The aim of the study was to assess the feasibility of a larger, multicentre randomised controlled trial. Feasibility outcomes were recruitment rate, acceptability of the trial protocol, eligibility criteria, and data completeness. First-pass intubation success rate was assessed to confirm the sample size calculation for a large, definitive randomised controlled trial.

Methods

Trial design

Ethical approval for this study (Ethical Committee ref. 15/CEN/199) was provided by the Health and Disability Ethics Committee, Wellington, New Zealand. A randomised controlled feasibility trial was conducted in the Department of Adult and Emergency Anaesthesia at Auckland City Hospital, New Zealand. The trial was designed to assess the feasibility of undertaking a larger pragmatic effectiveness trial examining the success rate of a videolaryngoscopy (VL) technique when compared to direct laryngoscopy (DL).

Participants

Patients were enrolled between March 2016 and June 2017. Operating lists were screened the day before surgery by investigators for suitable patients and the duty anaesthetist assigned to the list was approached to participate in the trial. Suitable patients were assessed for eligibility and written informed consent obtained.

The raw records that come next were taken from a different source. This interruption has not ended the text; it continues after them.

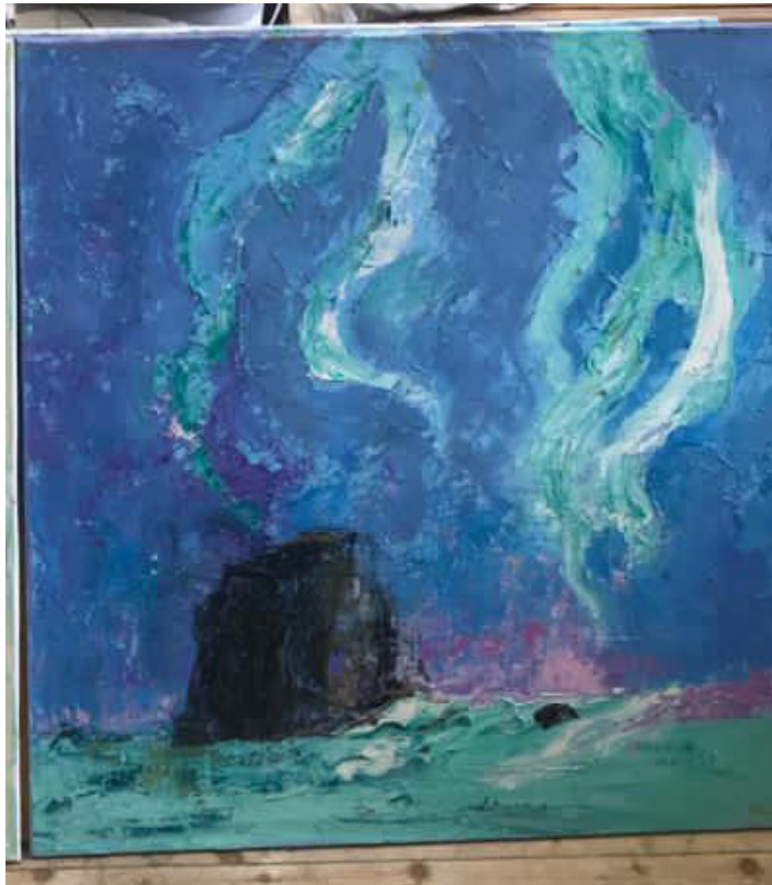
Dämmerung, 100x100 cm, 2020 1200€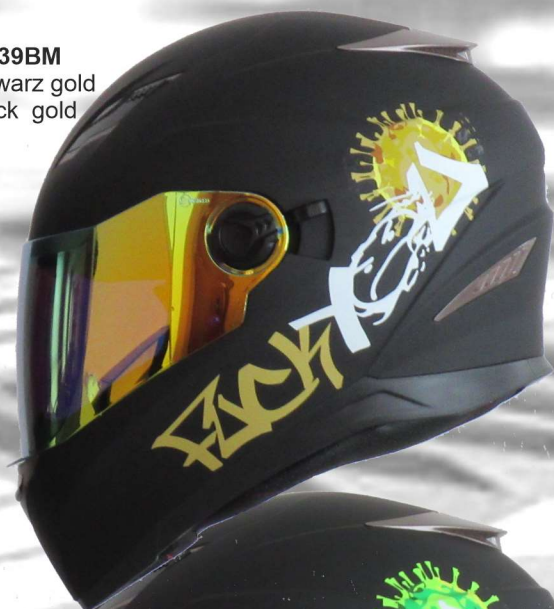
FY-C19 39BM mattschwarz gold matt black gold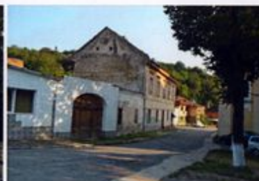
Figură 4.7 Parte din frontul sudic al str. M. Eminescu, 2014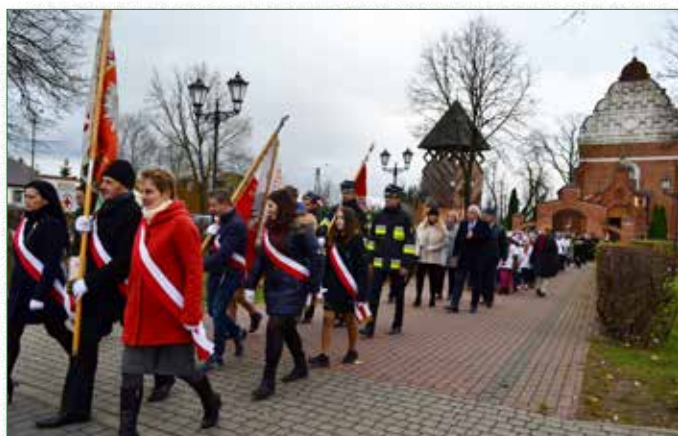
Obchody Narodowego Święta Niepodległości 11 listopada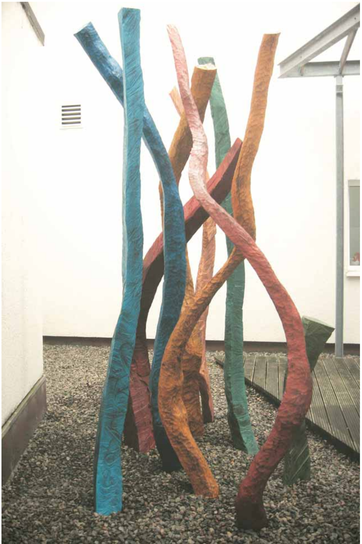
9teilige Skulptur für die Kreissparkasse Stade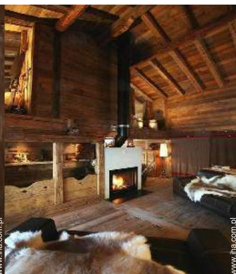
kącik przy ognisku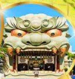
ศาลเจ้า ฟุชิมิ อินาริ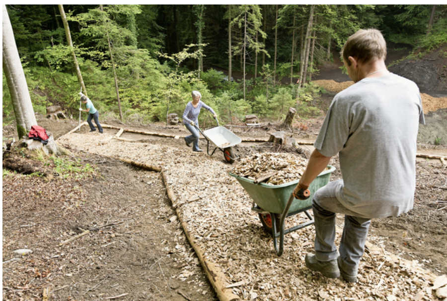
Dimanche 2 août, des bénévoles ont recouvert de copeaux la piste Vita des Grottes.

Sport Initié il y a quatre ans par une association locale, le projet de parcours avance à petits pas. Les habitants retroussent leurs manches.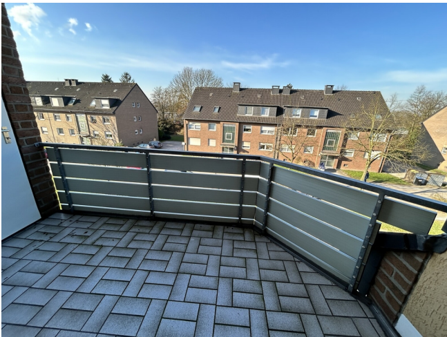
Balkon mit Abstellraum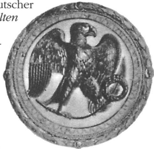
Adlerkamee (um 40 n. Chr.) (Kamee = Halbedelstein mit erhaben herausgearbeiteter figürlicher Darstellung)

Sie führten Kaiserszeichen, wie man in Fenstern findt,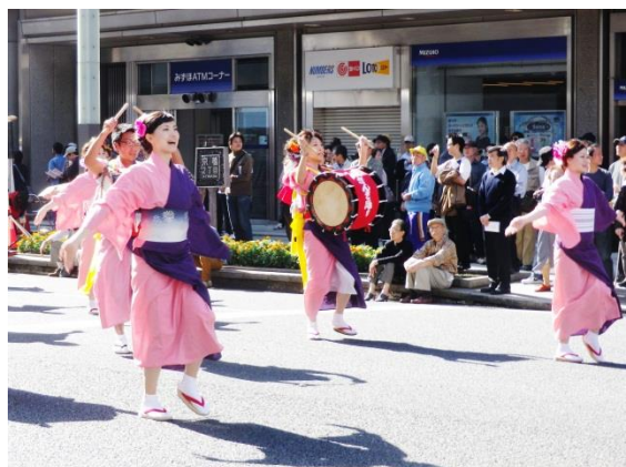
大江戸さんさ踊りの踊り手達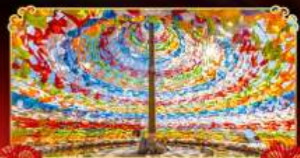
รมนต้อธิฐาน

พิธีต "ภูเขาหิมะมังกรหยก" หนึ่งในสถานที่ท่องเที่ยวระดับ 5A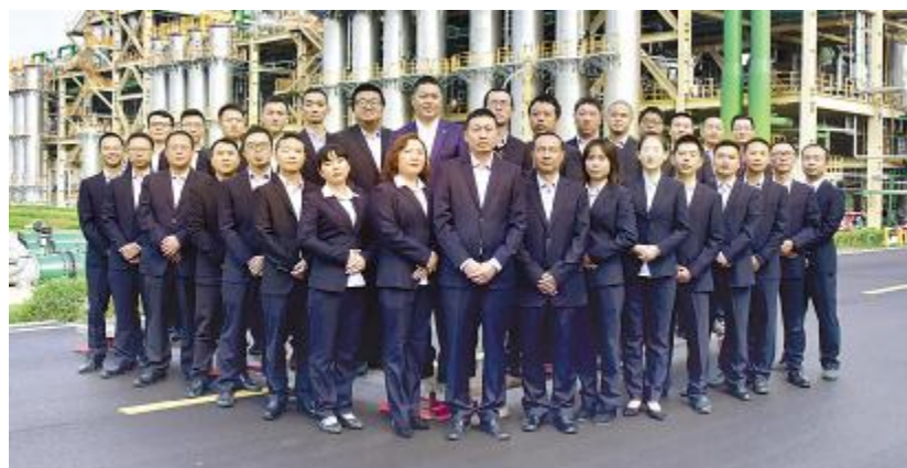
永祥新能源生产部

Patients over 18 years who required endotracheal intubation, where there was no contraindication to DL or VL, were included. Patients were excluded if they required an awake approach, rapid sequence induction or flexible bronchoscopic intubation; if they were a known difficult intubation; or if there were language or cognitive barriers that precluded adequate informed consent. Patients were also excluded if the operating anaesthetist did not have enough clinical experience in the use of DL or VL without in-theatre supervision. We defined adequate experience as having used a videolaryngoscope greater than 20 times in clinical practice. Patient consent was obtained by study investigators on the day of surgery in the form of a detailed discussion and patient information leaflets.

Intervention

Patients were randomised to initial intubation attempt using either VL or DL. Laryngoscopy was performed by the duty anaesthetist assigned to that operating room. Within the VL group, the choice of device was selected by the duty anaesthetist. The GlideScope® AVL System (Verathon, Washington) and McGRATH-MAC™ (Medtronic, Minneapolis) are the most readily available videolaryngoscopes in the Department of Adult and Emergency Anaesthesia, Auckland City Hospital. A standard Macintosh blade was used in the group assigned to DL. Blade size, drugs, positioning and anaesthetic technique were at the discretion of the duty anaesthetist.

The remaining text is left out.